The stage was set and the band ready as Arsenio Hall began to introduce that evening’s musical guest, the ‘so gangster his beard’s got warrants’ rapper and founder of Maybach Music Group, Rick Ross.

Promoting the upcoming release of his sixth album ‘Mastermind’, Ross’ musical performance and subsequent interview was seemingly the perfect promotion opportunity, yet the rapper’s performance of 2nd single ‘Sanctified’ proved far more revealing than he initially may have intended.
 

 
‘Sanctified’ boasts features from Big Sean and Kanye West, Ross’ contribution arriving third with the intention of saving the best till last.  Following the introductory verse from an utterly superfluous Big Sean, surprise guest Kanye West appeared driving the crowd into raucous excitement, so much so that when Ross finally appeared the reaction was mild in comparison and something of an anticlimax. Not only did Ross’ lethargically delivered boastful verse not come close to the subject matter or delivery of his predecessor, but rather than driving the song on to a rousing conclusion, his effort actually drained the song of the little momentum it did have. Whilst Sanctified is hardly the first and certainly won’t be the last time a featuring artist upstages their host, the performance struck me as a metaphor for Ross’ career; namely that something was missing.

The band was tight, the live arrangement of an already well-produced song was refreshing and there was a noticeably joyous feel to the performance from the three artists. Yet something grated, “biggest album of the year, Mastermind in stores” decreed Ross’ hype man as the song got underway and in the final moments of the performance music made way for a pre-recorded audio clip of “Maybach music.” Whilst I’m fully aware of the duties of a hype man and understand that Ross is hardly alone in such shameless brand promotion, the fact that he still feels the need to use such tactics revealed a great deal about his mentality; first and foremost, Ross is a businessman.

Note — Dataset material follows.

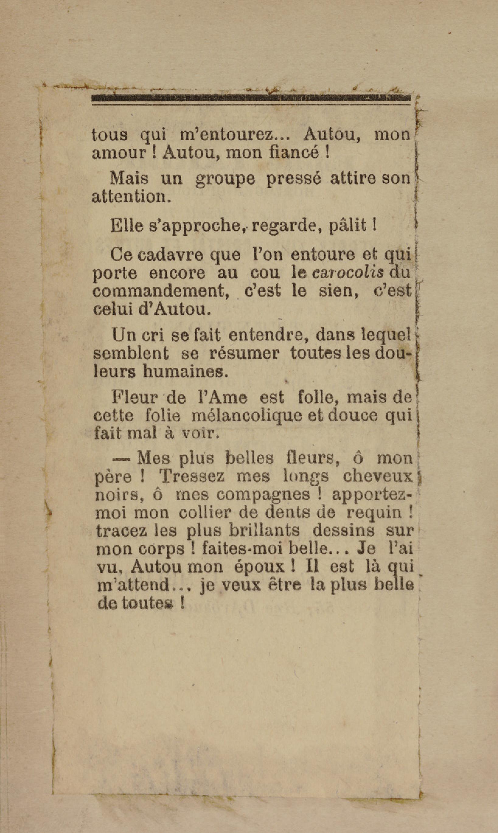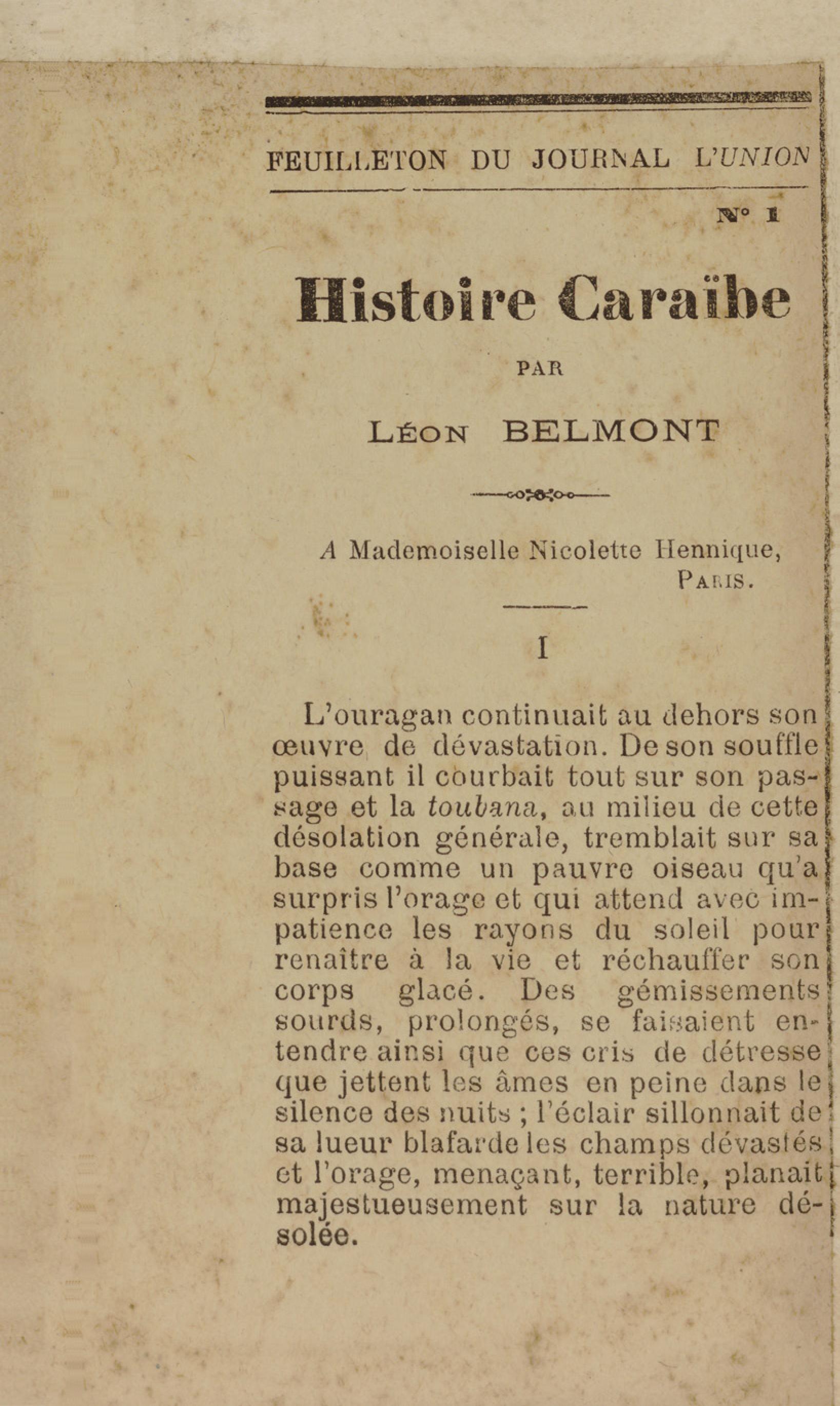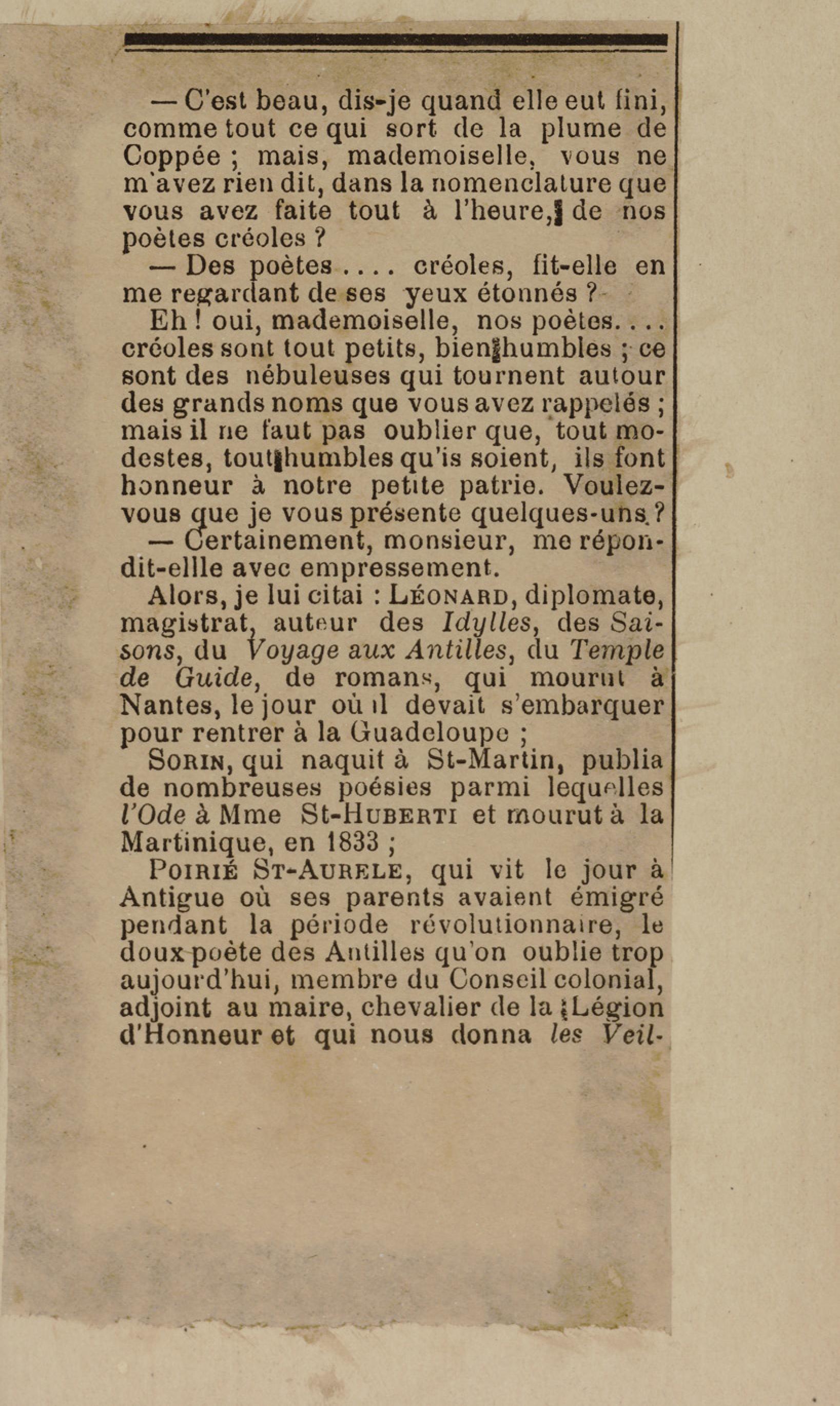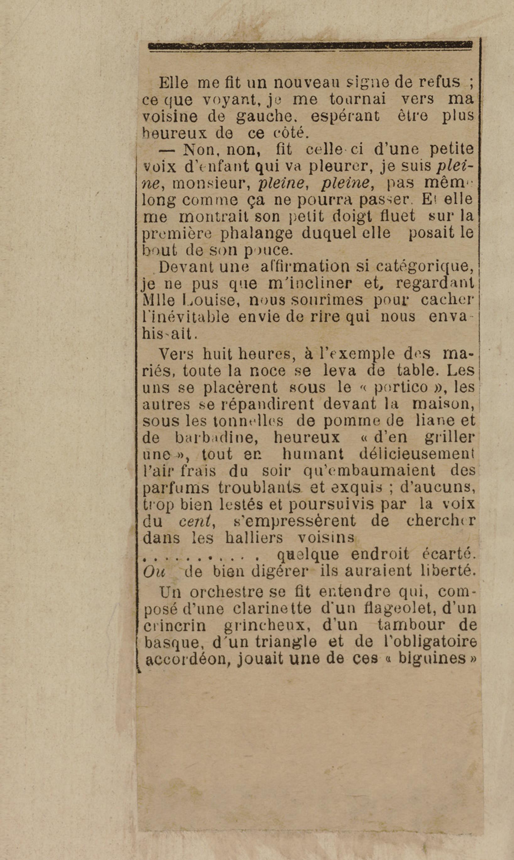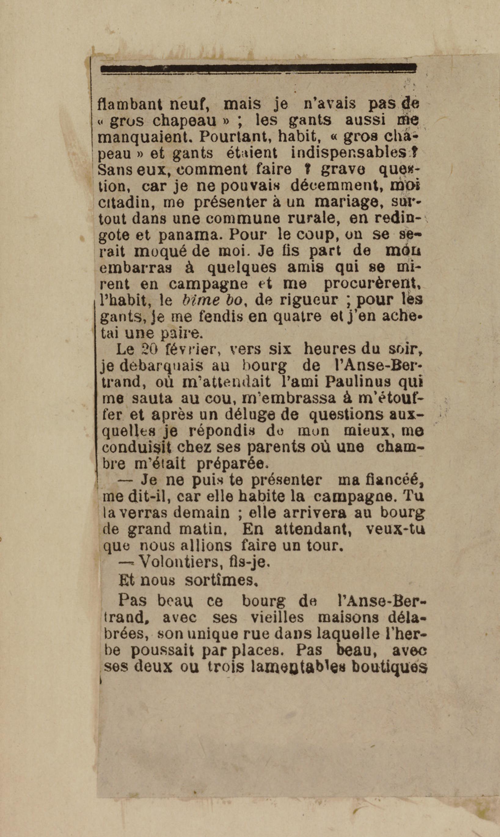 - Contient plusieurs nouvelles et romans-feuilletons publiés par épisodes dans la presse locale, notamment dans les journaux L'Avenir, Le Colonial et L'Union : Méloa. Histoire Caraïbe. Fleur de l’âme. Collation. A ma femme. Le calalou de monsieur le curé. Bonté d'enfant. Comment je me suis marié. Le mari de Latchimy. Le mariage de Jean-Paul Prineau. Nécessité n'a pas de loi. Les amours de voyage.

There’s always been a notable anxiety about appearing to be the best within hip-hop, with rappers regularly comparing the genre to the world of competitive sport. In interviews you will find Ross continually referencing the ‘scoreboard’ of record sales that he views as confirmation that his music is an integral part of a larger cultural tapestry. Yet whilst having huge record sales often implies influence within an industry, selling lots of albums doesn’t guarantee any artist a lasting impact on the larger musical culture.
 

 
After being confronted with reviews of Mastermind that branded his drug kingpin ‘act stale and uninteresting’ Ross reacted with a bloated sense of self-importance rather than genuinely addressing the arguably valid criticism. Ross remarked that those outside of the culture (I think he means journalists) are out of touch with the reality of the genre and are simply desperate for the access artists like him have earned. Such a response revealed an unsurprising arrogance that you come to expect from most rappers these days, yet it also reinforced that Ross truly believes he has impacted the culture in a meaningful way.

I’d argue that with every album the Florida born rapper releases, his contribution to the rich musical tapestry of hip-hop gets smaller and smaller as his focus shifts further towards money and further away from content.

Though Ross has a great ear for beats and his back catalogue boasts an assortment of well-produced tracks that shine with gloss only the best studios can provide, his lethargic delivery feels more indulgent and irrelevant with every passing year. His music is aging and not like a fine bottle of his Belaire rose.

Unlike the new breed of hip-hop artists who reference emotions in a way that reveals them to actually be human beings, Ross’ subject matter is reserved for drugs, boasts about his possessions and the occasional shameless plug for products he’s involved with. His output is breaking no boundaries and if anything it’s only reinforcing the tired and damaging stereotypes people have long associated with the genre. When you compare Ross to the artists whom he perceives as his peers, it becomes ever clearer that whilst they have evolved and experimented Ross has remained within the territory he’s comfortable within, and fallen further behind in terms of relevance.

Ross has clearly become more interested in using his position of power to allow other artists on his label to grow, a noble pursuit and one that he seems committed to especially when you consider his claims of indifference towards artists he signed outselling him.

With 5 of his 6 albums reaching #1 on the Billboard chart, Ross doesn’t want for commercial success, he’s gotten it and continues to get it. Ross is also respected within the business, frequently evidenced by the high profile guests he’s able to call on for features such as Jay Z, Kanye, Dr Dre and Andre 3000, to name but a few. Despite a number of embarrassing gaffs such as denying his former career as a corrections officer and the well deserved controversy over his bafflingly stupid date-rape lyrics, sales figures suggest Ross’ fans are still remarkably loyal to the Florida born MC.